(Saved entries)
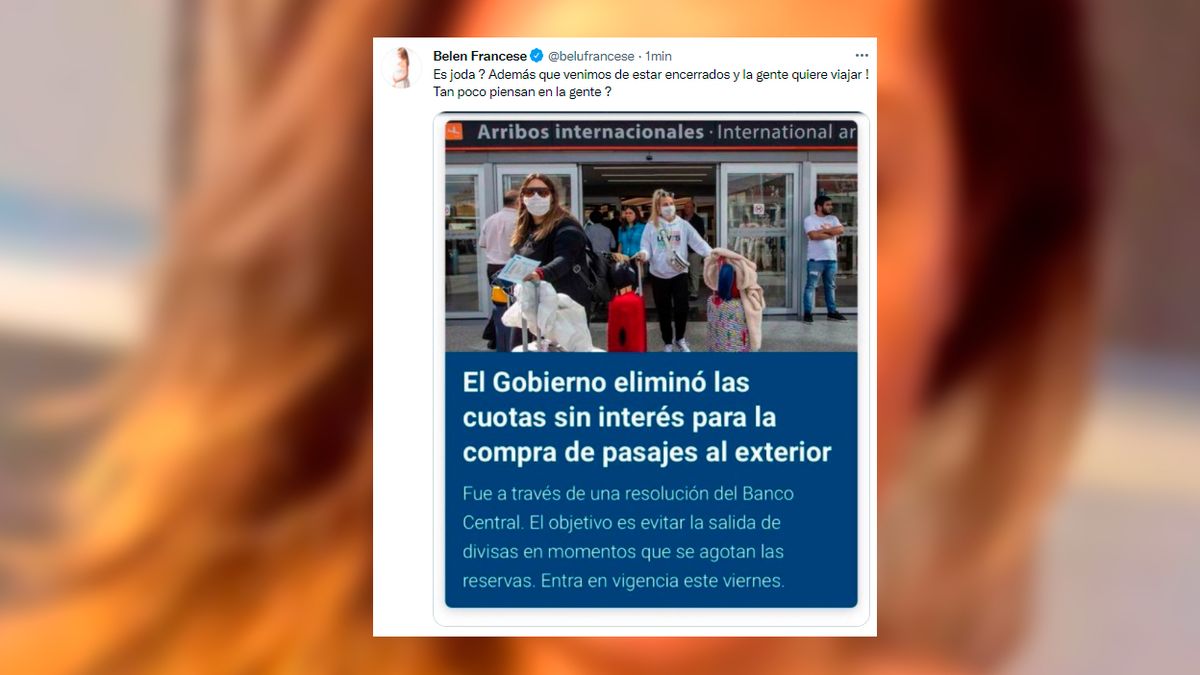 Belén Francese expresó su indignación en las redes tras una medida anunciada por el Gobierno. La ex vedette opinó de la resolución del Banco Central de la República Argentina que prohibió la compra de pasajes en cuotas para vuelos, paquetes turísticos y alojamientos en el exterior.
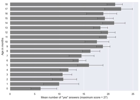 Older children were more likely to answer ‘yes’ than younger ones, as illustrated in Figure 1. The strong and statistically significant correlation between age and overall scores (r = 0.67; p < 0.001) underscores the tight linkage between the development of children’s speech production capabilities and their age.
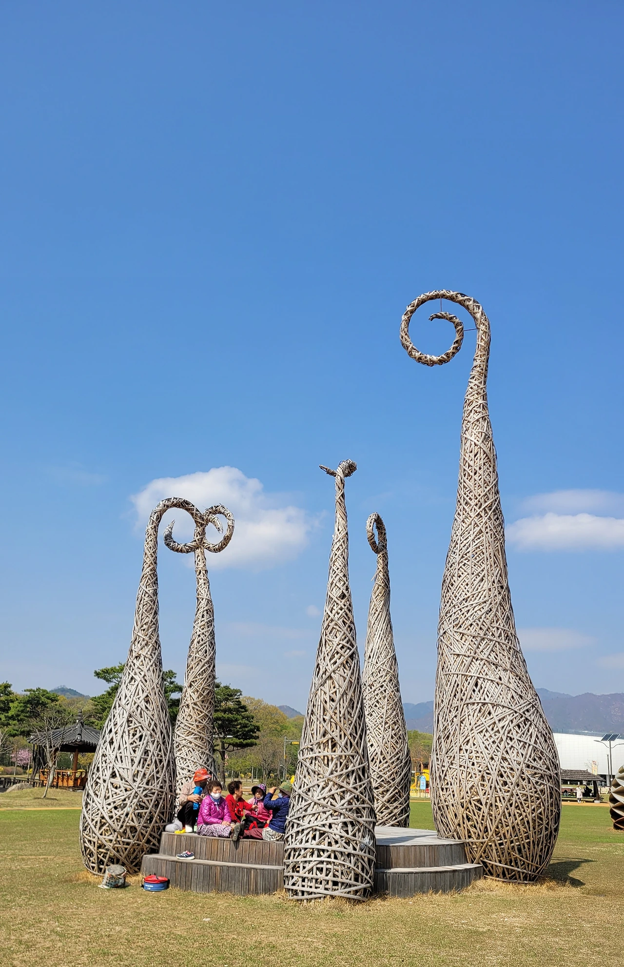 세 시간 반을 달려 함양 상림에 도착했다. 첫인상은 잘 정돈된 느낌이었다. 너른 광장에 특이한 조형물이 눈에 띄었다. 함양 산삼을 형상화했다고 한다. 마치 나물로 먹는 고비의 새순이 돋아나는 것 같은 이미지였다. 입구에 있는 박물관과 문화회관을 둘러보고 블로그 이웃을 만나게 되었다. 형님은 근무 중이어서 저녁에 만나기로 해서 우리끼리 시간을 보내야 했기 때문이다.
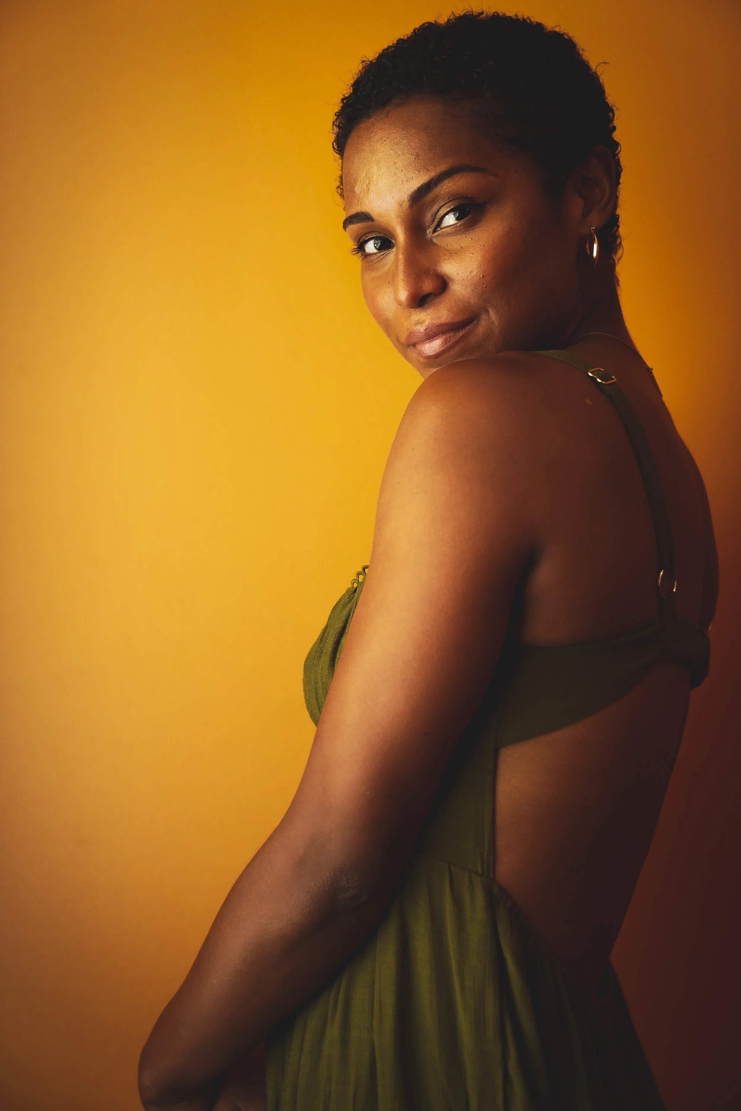 Woman in a green dress with a low back against an orange background, looking over her shoulder.
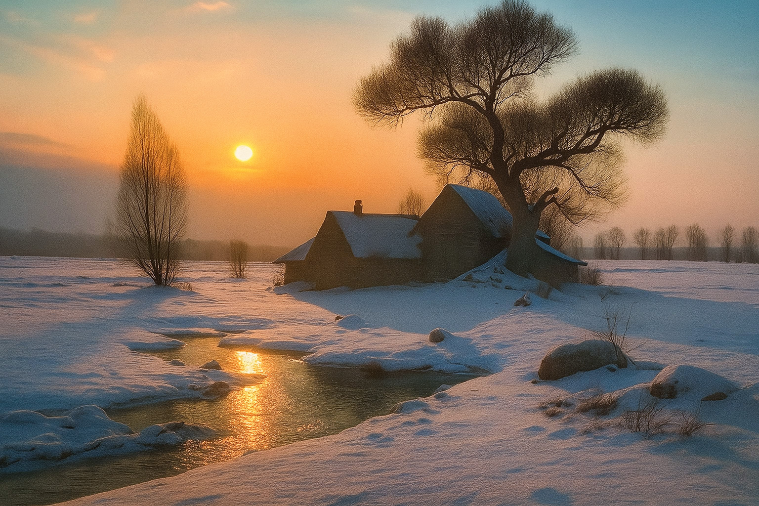 – Сочетание теплых и холодных оттенков в зимнем пейзаже
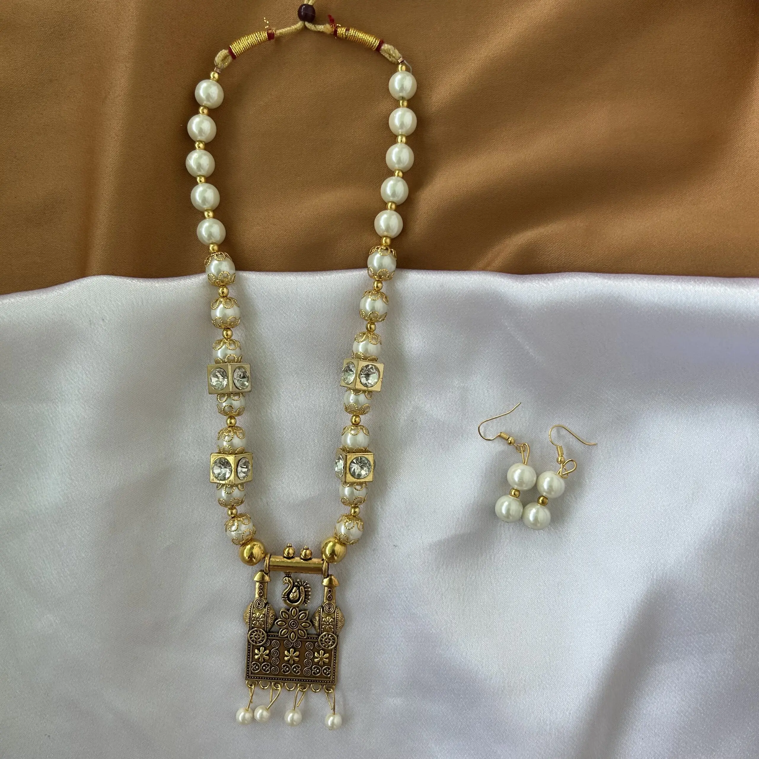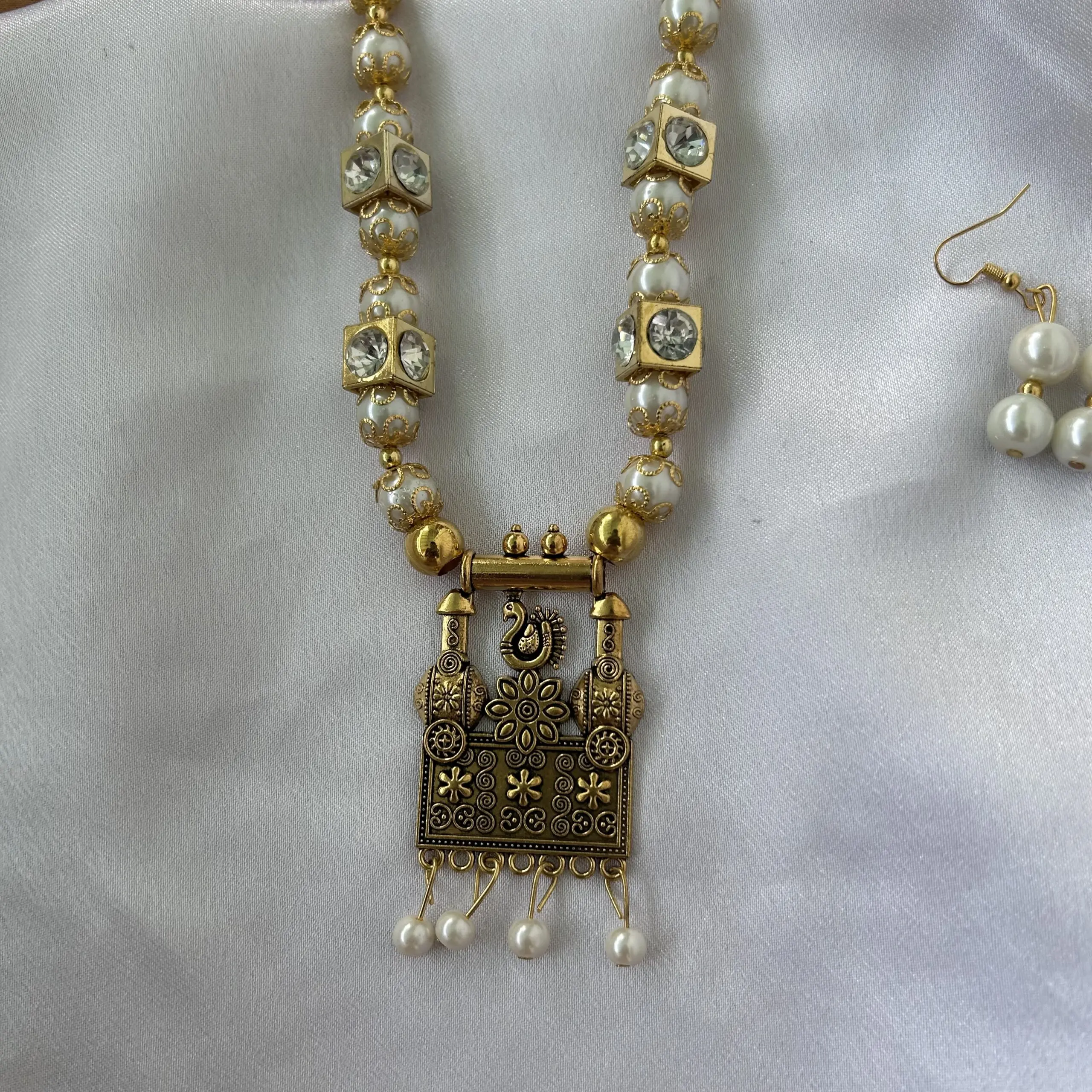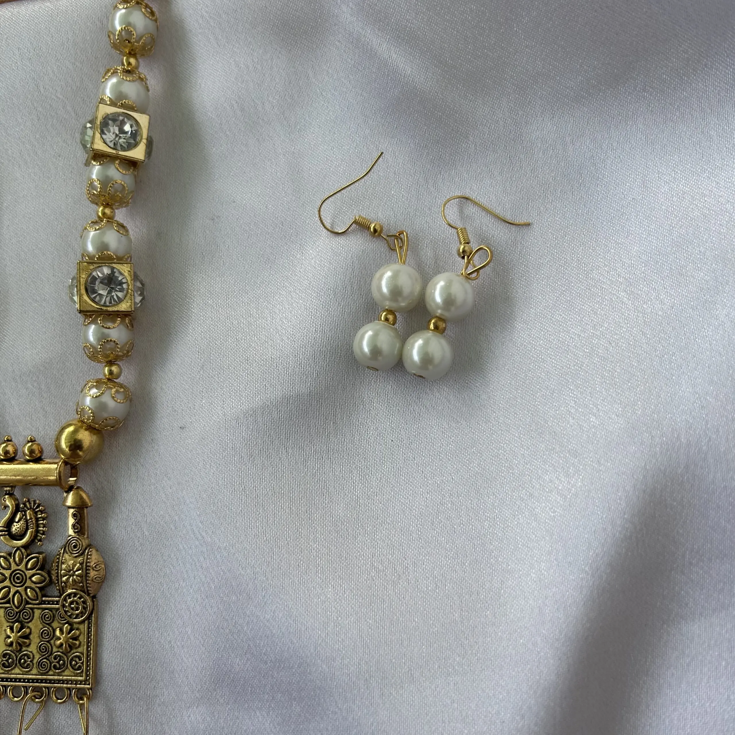 White and Gold Beads Mala and Earrings

WHAT IS BEING ASKED. Please transcribe all of the entries word for word, with the pictures left out.

EXPECTED ANSWER.
 Belén Francese expresó su indignación en las redes tras una medida anunciada por el Gobierno. La ex vedette opinó de la resolución del Banco Central de la República Argentina que prohibió la compra de pasajes en cuotas para vuelos, paquetes turísticos y alojamientos en el exterior.
 Older children were more likely to answer ‘yes’ than younger ones, as illustrated in Figure 1. The strong and statistically significant correlation between age and overall scores (r = 0.67; p < 0.001) underscores the tight linkage between the development of children’s speech production capabilities and their age.
 세 시간 반을 달려 함양 상림에 도착했다. 첫인상은 잘 정돈된 느낌이었다. 너른 광장에 특이한 조형물이 눈에 띄었다. 함양 산삼을 형상화했다고 한다. 마치 나물로 먹는 고비의 새순이 돋아나는 것 같은 이미지였다. 입구에 있는 박물관과 문화회관을 둘러보고 블로그 이웃을 만나게 되었다. 형님은 근무 중이어서 저녁에 만나기로 해서 우리끼리 시간을 보내야 했기 때문이다.
 Woman in a green dress with a low back against an orange background, looking over her shoulder.
 – Сочетание теплых и холодных оттенков в зимнем пейзаже
 White and Gold Beads Mala and Earrings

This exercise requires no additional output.